Barry Gosin, Jimmy Kuhn and David Falk.
Barry Gosin, Jimmy Kuhn and David Falk
CEO; President and Head of Investor Services; President of the New York Tri-State Region at Newmark
Last year's rank: 25
Take it from Barry Gosin, who’s seen a thing or two in his decades running Newmark Knight Frank: things will be alright.
“We’ve had hundreds of years of cycles, and the one thing that they all have in common is that they end,” said Gosin, who’s served as CEO of the New York City-headquartered brokerage since 1979.
That’s not to say the firm has been complacent amid the coronavirus crisis.
Among its savvy moves has been beefing up its loan sale division and hospitality restructuring groups. And it’s still doing the sizable deals that the firm has built its name on: it recently got hired on a roughly 400,000-square-foot large block opportunity in the Flatiron District, while its investment sales team is readying an 850,000-square-foot life sciences development site in Lower Manhattan.
“I think people forget that it was only six months ago that we were celebrating a record year,” said David Falk, president of the New York Tri-State region for Newmark Knight Frank. “We really were everywhere; all different industries and all different types of product. We’ve been making tremendous success stories in every submarket.”
On the leasing side, recent highlights include representing tenants Debevoise & Plimpton taking 530,000 square feet and AllianceBernstein inking a deal for 200,000 square feet, both at Tishman Speyer’s The Spiral; repping Oscar Health in its move to 78,000 square feet at One Hudson Square; and New York City Health + Hospitals taking 520,000 square feet at 50 Water Street.
In investment sales, where the firm hired a New York City-focused team from Eastdil Secured in September, the firm’s major wins in the past year included the sale of the $1.5 billion Parker apartment portfolio, and a $275 million sale of a Long Island City opportunity zone site to TF Cornerstone.
“[Investors] are thinking about 2022, and they’re saying, ‘We know there’s not a structural problem, per se, and so we’re going to underwrite real estate deals based on what we think is going to be in favor,’” said Jimmy Kuhn, president and head of investor servicers at the firm, pointing to select industries such as data centers, life sciences, multi-level industrial, healthcare and film production studios.

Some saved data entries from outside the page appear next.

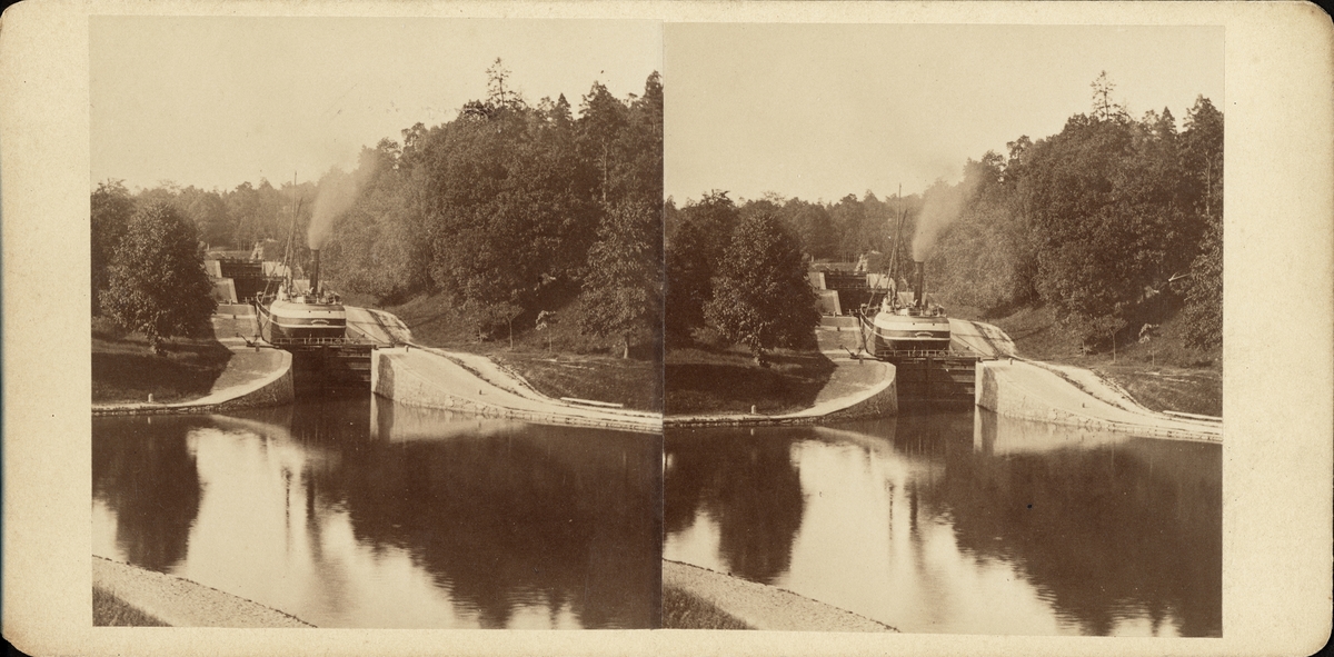Stereobild av båt påväg genom slussen i Trollhättan, Göta Älv.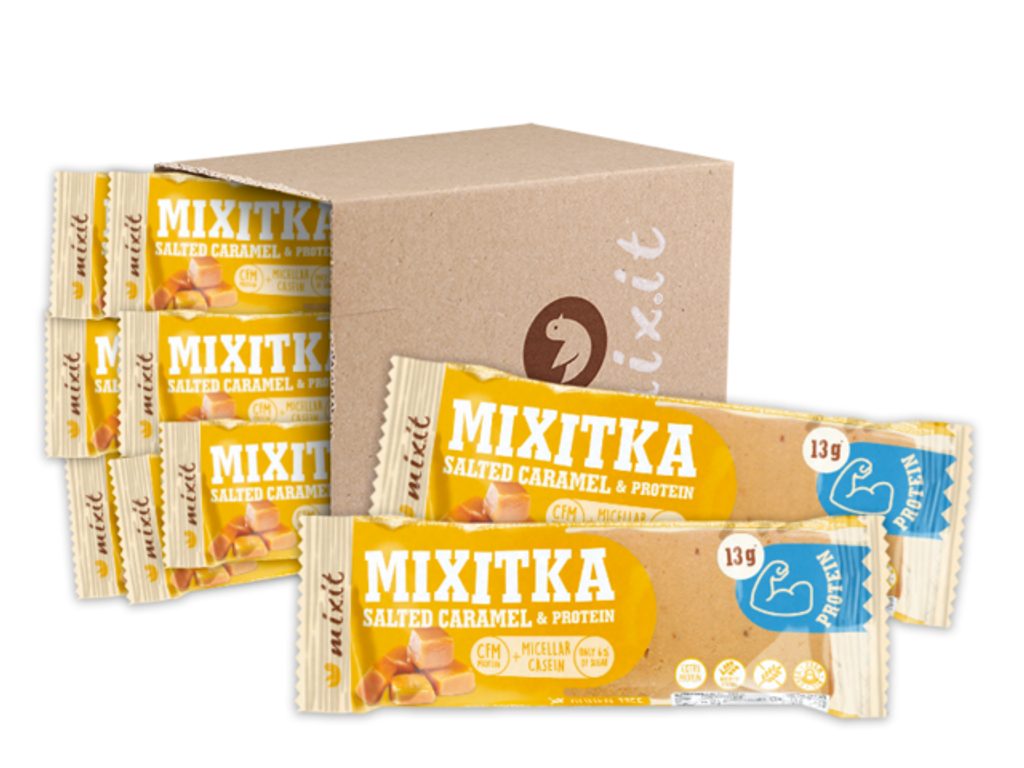 Je tu Mixitka nabušená proteiny a chutí slaného karamelu. Bezlepkovou recepturu jsme vyvíjeli pro všechny, kteří hledají pořádnou porci bílkovin (15 g bílkovin v každé tyčince) Proteinová složka obsahuje kvalitní syrovátkový proteinový koncentrát zpracovaný metodou CFM a micelární kasien, který proteiny do těla uvolňuje pomaleji a zasytí na delší dobu. Chuť slaného karamelu božsky doplňují nasekaná jádra mandlí, arašídové máslo a kokosový cukr. Každá Mixitka vám navíc dodá vysokou porci vlákniny pro zdravé zažívání. Skvělé na svačinu, po sportu a do každého pracovního i výletního batohu. :-) Složení:Rozpustná kukuřičná vláknina, micelární kasein 18,7 %, karamelový prášek (odstředěné mléko, syrovátka, cukr, máslo), CFM syrovátkový proteinový koncentrát 12,1 %, jádra mandlí, rozpustná čekanková vláknina (inulin), arašídové máslo, přepuštěné máslo, kokosový cukr, glycerol, himálajská sůlMůže obsahovat stopy lepku, jiných skořápkových plodů a sóji.Energetická hodnota1390.0 kJ332.0 kcalTuky13.0 gz toho nasycené mastné kyseliny5.3 gSacharidy39.0 gz toho cukry14.0 gVláknina22.0 gBílkoviny30.0 gSůl0.79 g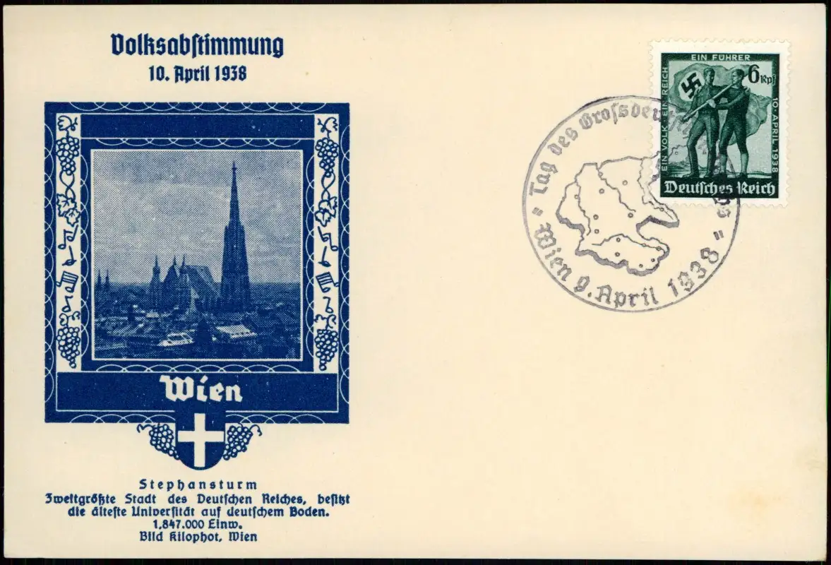 Ansichtskarte Wien Stephansturm zur Zeit der Volksabstimmung 1938 mit Propaganda-Sonderstempel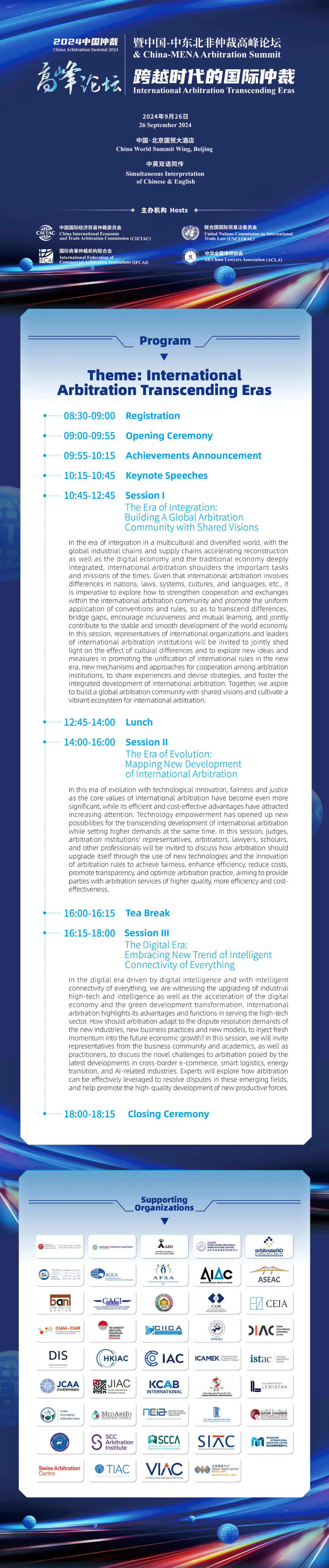 The China Arbitration Summit 2024 & China-MENA Arbitration Summit will be held on 26 September 2024 at China World Summit Wing, Beijing. The Summit is co-hosted by China International Economic and Trade Arbitration Commission (CIETAC), United Nations Commission on International Trade Law (UNCITRAL), International Federation of Commercial Arbitration Institutions (IFCAI), and All China Lawyers Association (ACLA). BET体育365投注官网.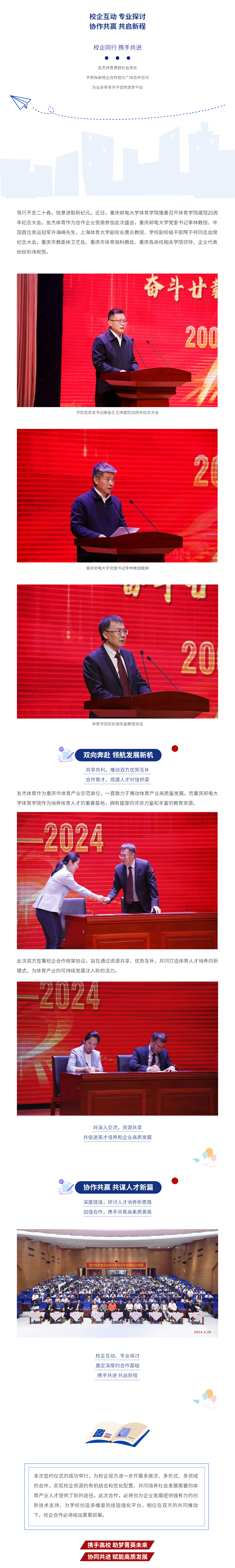 友杰體育勇擔社會責任,不斷探索校企合作雙方廣闊合作空間,為眾多莘莘學子提供逐夢平臺,為高校、企業發展聚力匯智。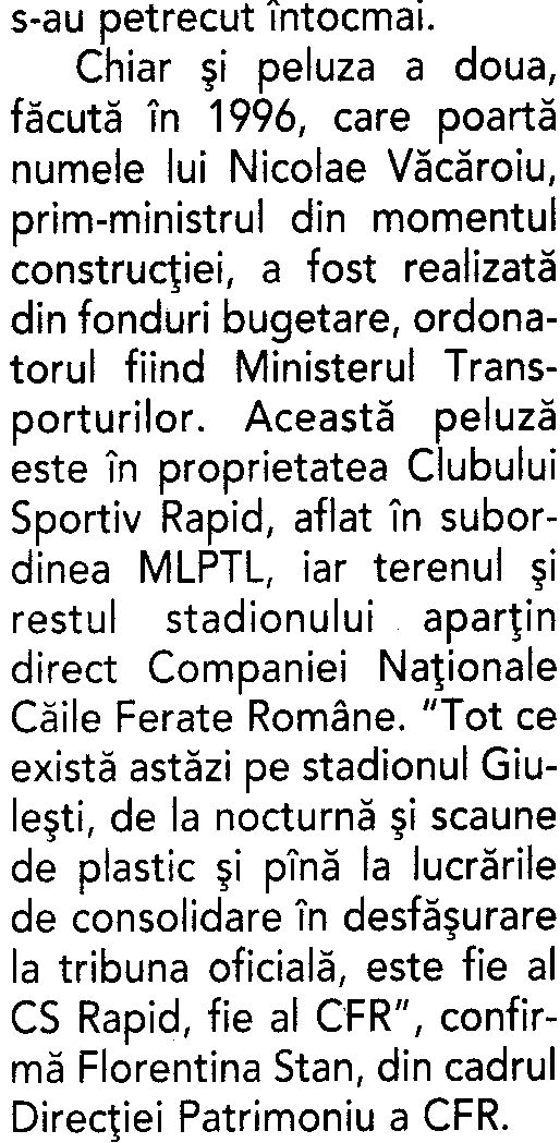 Reţineţi că nici Dinamo şi nici Steaua nu au beneficiat de măcar un cent, pentru investiţii în infrastructură. Dinamo a rămas cu stadionul (şi, de fapt, tot complexul) la nivelul anilor `50, iar Steaua a făcut investiţii serioase din banii proprii, produşi de ea (sau, a contract lucrări şi rămas datoare – vezi AVAB şi Tehnorob – dar a rămas datoare ea, CS Steaua, nu MapN). În schimb, investiţiile directe ale Ministerului Transportului, în stadionul Rapid (vizibile mai ales prin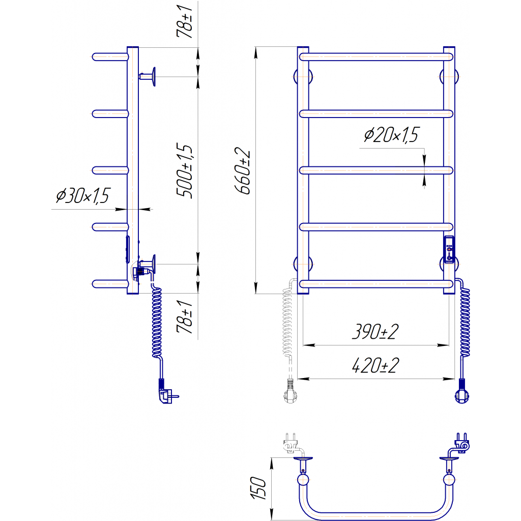 Електросушарка для рушників побутова Стандарт НР-І 650х430/150 TR К білий глянець. Обладнана таймер-регулятором. Сумісна з комплектом прихованого підключення. Виготовлена з полірованої нержавіючої сталі. Варіанти покриття: полірована, сатин, чорний мат. Температурні режими таймер-регулятора: 40°С, 45°С, 50°С. Варіанти часу роботи: 3, 6 годин та постійний нагрів. Потужність 75.0 Вт. Гарантія - 20 років на корпус / 5 років на електричну частину/ 2 роки на покриття.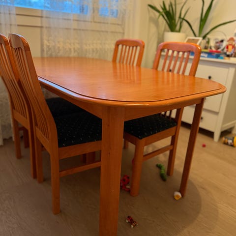 Siistit valkoiset keittiökalusteet,pöytä+4 kangas päällysteistä tuolia.Kahdessa tuolissa alla ruuvien kohdassa halkeamat mutta eivät ole näkyvissä eikä haittaa istumista.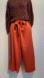 Elevate your style with these chic satin rust color wide leg cropped pants. Two side pockets. Elastic waist with tie. Side slits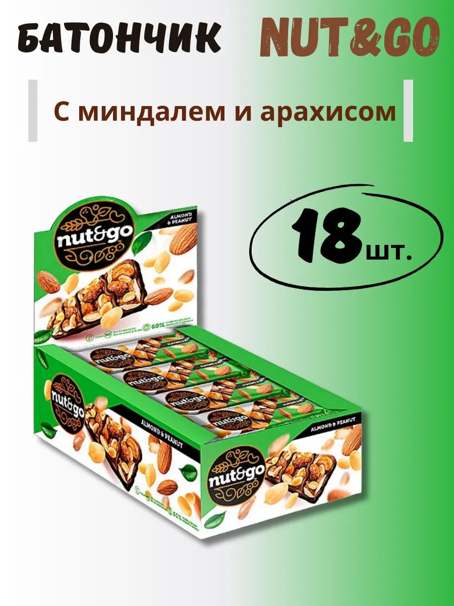 Миндальный батончик NUT AND GO с арахисом 18 шт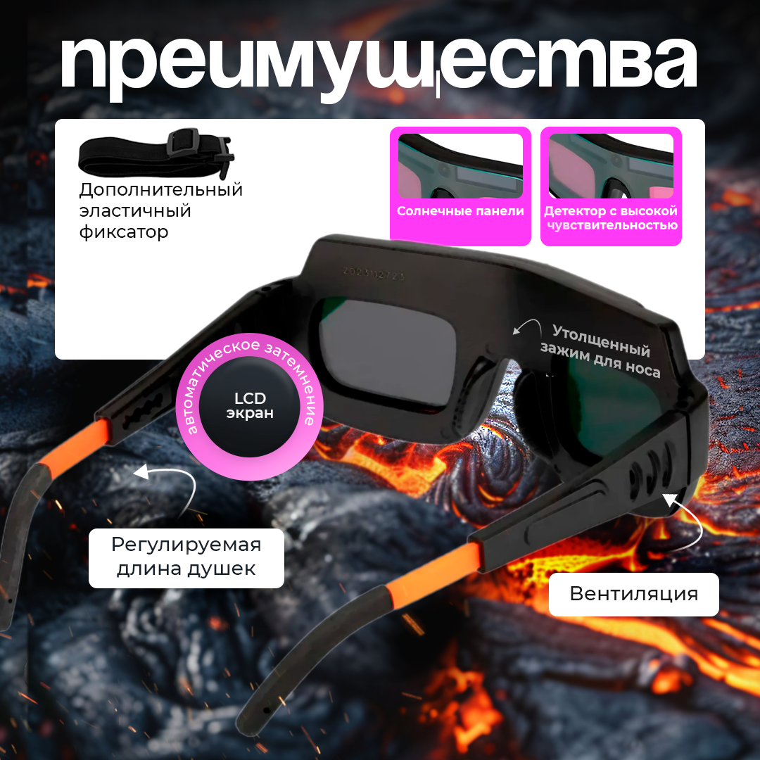 Сварочные очки хамелеон DIN 3 - DIN 11, задержка 0.1с, с поясом на шею и резиновой прокладкой для головы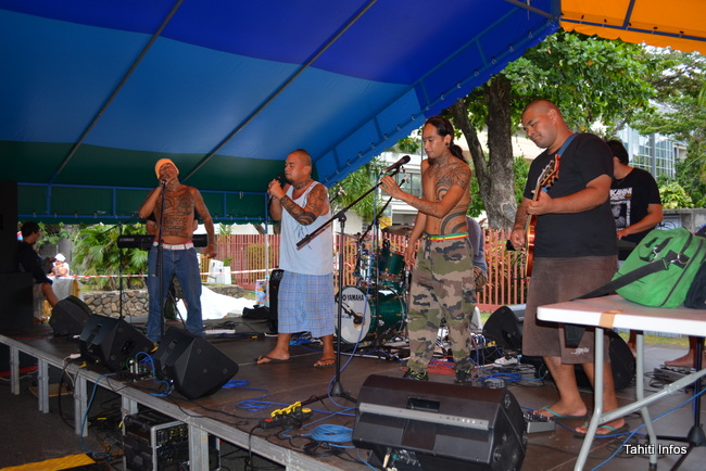 Et enfin pour se détendre dans l'après-midi, malgré un retard vite accumulé tellement le programme était dense, une demi douzaine de concerts avec des musiciens connus (Takanini et Tikahiri) et moins connus ont mis le feu à l'entrée du village, accompagnés d'artistes de rue qui égaillaient les chalands.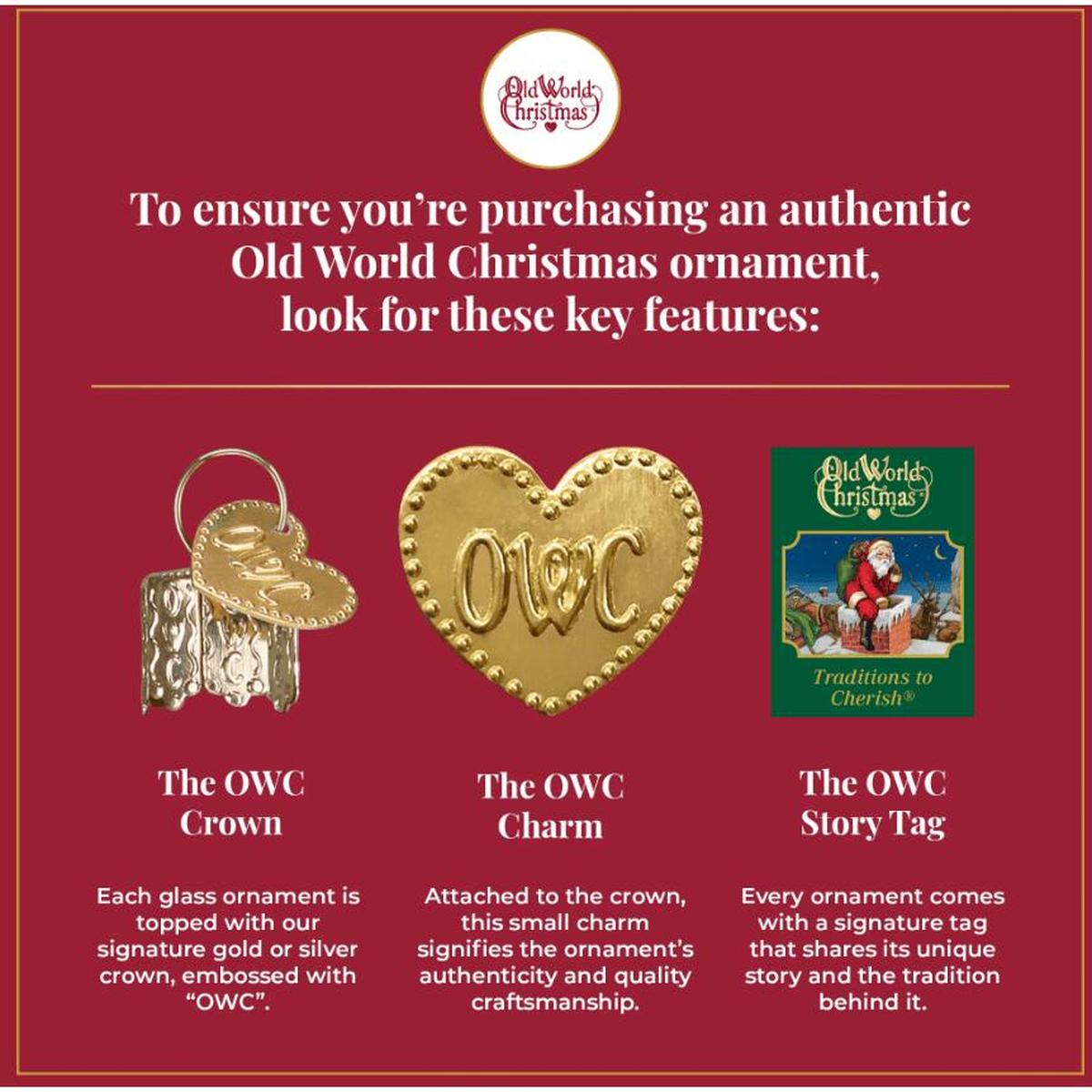 - Heart-shaped bauble depicts OWC Trademark Logo certifying that this is an Old World original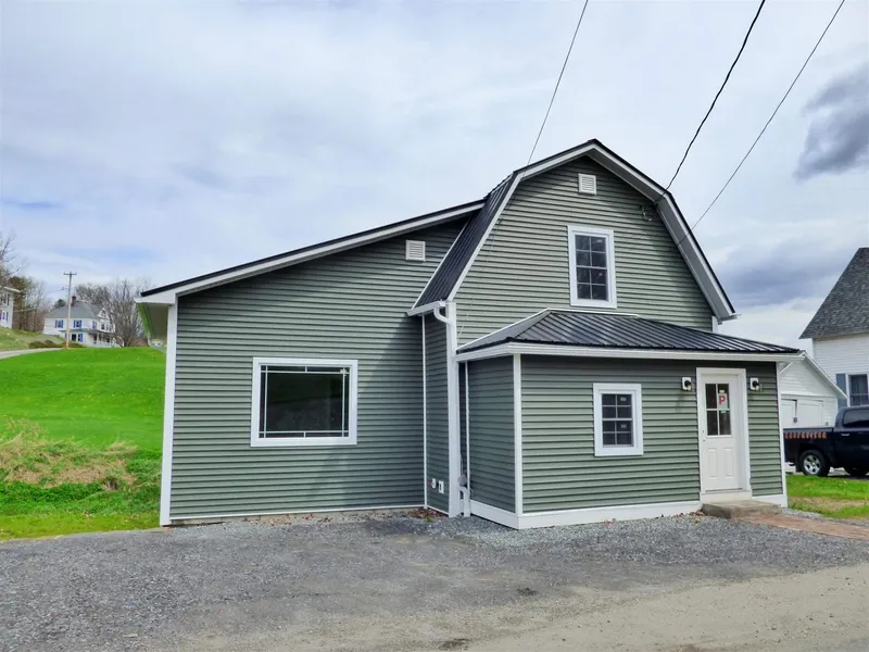 This attractive Gambrel village home has been completely renovated from top to bottom. The bright & spacious eat-in kitchen has white cabinets with a 5' island and exits onto a covered porch - the perfect spot for your morning coffee, seasonal dining & relaxing! The living room features maple flooring, 10' ceilings and a large picture window. A completely new full bath, along with tiled mudroom, complete the first floor. A beautiful birch stairway leads to two bedrooms, each with a good-sized closet. The walkout basement is partially finished with laminate flooring and can be used as a 3rd bedroom or additional living space. There are washer/dryer hookups & room for storage in the unfinished area. New furnace, electrical panel, metal roof, vinyl siding, windows, sheetrock walls, flooring, doors & fixtures make this an efficient and low-maintenance home. Easy access to I-91 yet tucked awa...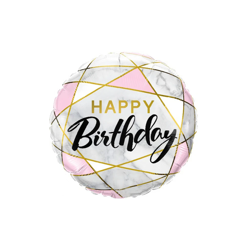 Повітряна кулька фольгована «Happy Birthday мармур» – стильний та сучасний декор для святкування дня народження, який додасть вашому оформленню вишуканості та трендового вигляду.

But don’t count Newmark among the prognosticators predicting the downfall of New York’s office market, much less the city itself.
“People are social animals, and the sense of isolation and the disconnect has a deleterious impact on businesses,” Gosin said. “It’s hard to create stuff, it’s hard to innovate when you’re not in a collaborative environment.”
“This crisis is four and a half months,” he added. “You can’t undo hundreds of years in four and a half months.”—S.G.